DeepSeek was also blocked by many federal corporations such as NBN Co, ABC, and Australia Post, even though such organisations were not obliged to do so under the federal government’s ban.

It was “doubtless” that government decisions over the safety of AI models such as DeepSeek had “influence over the technology and security decisions of private organisations”, Canzanese said.

Grok, Stable Diffusion, other AI systems blocked

While Netskope found DeepSeek had been blocked by most of its surveyed Australian clients, around a third had banned other AI apps such as Stability.ai’s text-to-image model Stable Diffusion and the controversial Grok chatbot from Elon Musk's xAI.

Grok, which is partly tied to Musk’s social media platform X (formerly Twitter), went on an anti-Semitic tirade in July and recently allowed users to create explicit nude deepfake videos.


Image: Netskope / Supplied

Despite such controversies, the Grok large language model (LLM) had still become the ninth most popular AI app within Australian organisations since launching in late 2023, Netskope found.

This likely indicated “two different approaches to managing genAI risk”, Canzanese suggested.

“A proportion of organisations are taking a cautious stance by enacting a blanket ban on the app, but there are other more granular ways to secure application use, which generally suggests a ‘safe enablement’ strategy,” he said.

“Data loss prevention tools, and real-time user coaching tools are often applied instead of a blanket block, which allows users to experiment and test the value of an app, within rigorous guardrails.”

Other AI apps blocked by around a third of Australian organisations included French-based translation app Reverso, AI-generated text detector ZeroGPT, Singaporean media generator Pixlr, and YesChat.ai — which offers access to DeepSeek.

Businesses often blocked such apps because they posed “a disproportionate risk due to questionable data handling practices or model transparency issues”, Canzanese said.
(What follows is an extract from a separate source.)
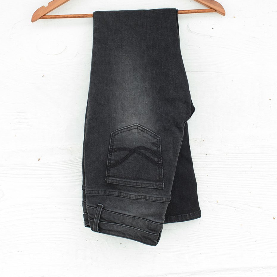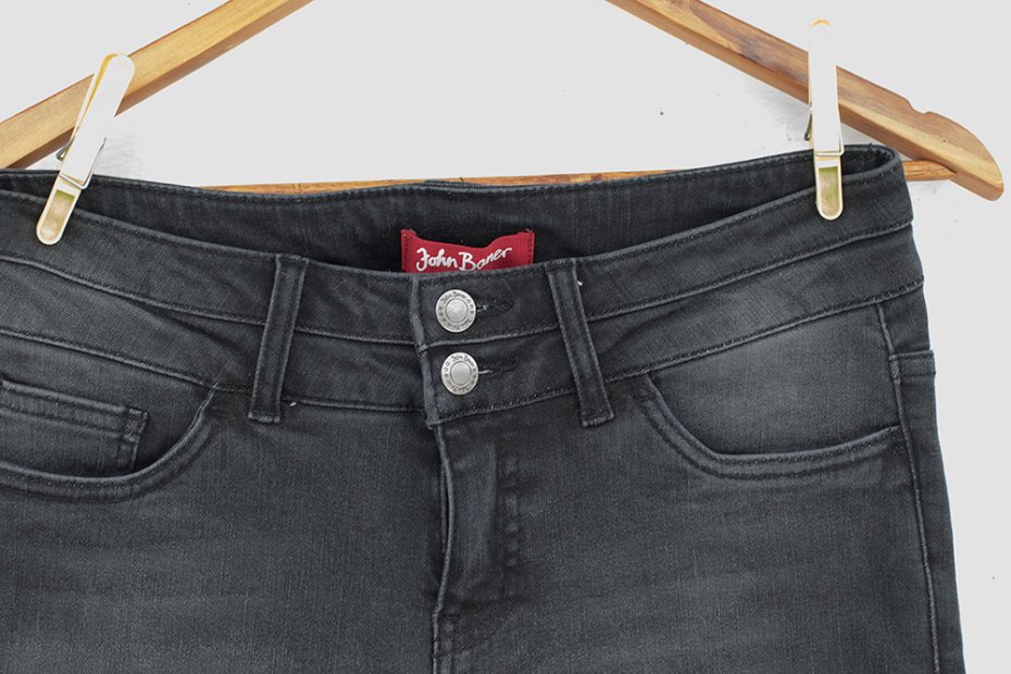 5 kieszeni, zapinanie na dwa guziki i ekspres.

Australians often shared their employer’s intellectual property or source code with genAI apps, with such information accounting for more than 70 per cent of local data policy violations, according to Netskope.

An increasing number of Australian organisations were “exploring on-premises genAI to maintain control over sensitive data”, Netskope found, while some had begun using tools which advised employees when they were taking unapproved actions and provided them with advice to “empower them to make the decision whether or not to do it anyway”, Canzanese said.

“Blocking is not always an effective control because when done too aggressively — it can drive users to bypass the block by doing things that compromise security, such as switching to an unmanaged device or trying to disable security software,” he said.

ChatGPT business use drops for first time

While Australian adoption of genAI apps has continued to grow, Netskope also documented “the first decline we have ever observed in ChatGPT’s popularity [in Australia]” since the chatbot's launch in 2022, which aligned with global trends.

“This is largely due to a shift towards purpose-built tools such as Microsoft 365 Copilot or Google Gemini, that are better integrated into existing enterprise productivity suites, and therefore more widely deployed by organisations as their default, company-approved genAI applications,” Canzanese said.


Image: Netskope / Supplied

ChatGPT still remained the most popular AI app in Australian businesses with more than 70 per cent of employees using it, according to the report — followed by Google’s Gemini and Microsoft’s 365 Copilot.

Other popular apps included Anthropic’s Claude LLMs, AI writing and grammar checker Grammarly, programming assistant GitHub Copilot, and Perplexity’s web search AI, which were all used in around a third of local organisations.

Grok and AI transcription app Otter.ai had been used in just over 10 per cent of Netskope's surveyed Australian clients, the company found.

“GenAI adoption is accelerating across Australia, with 87 per cent of organisations now using genAI applications, up from 75 per cent just a year ago," the company said.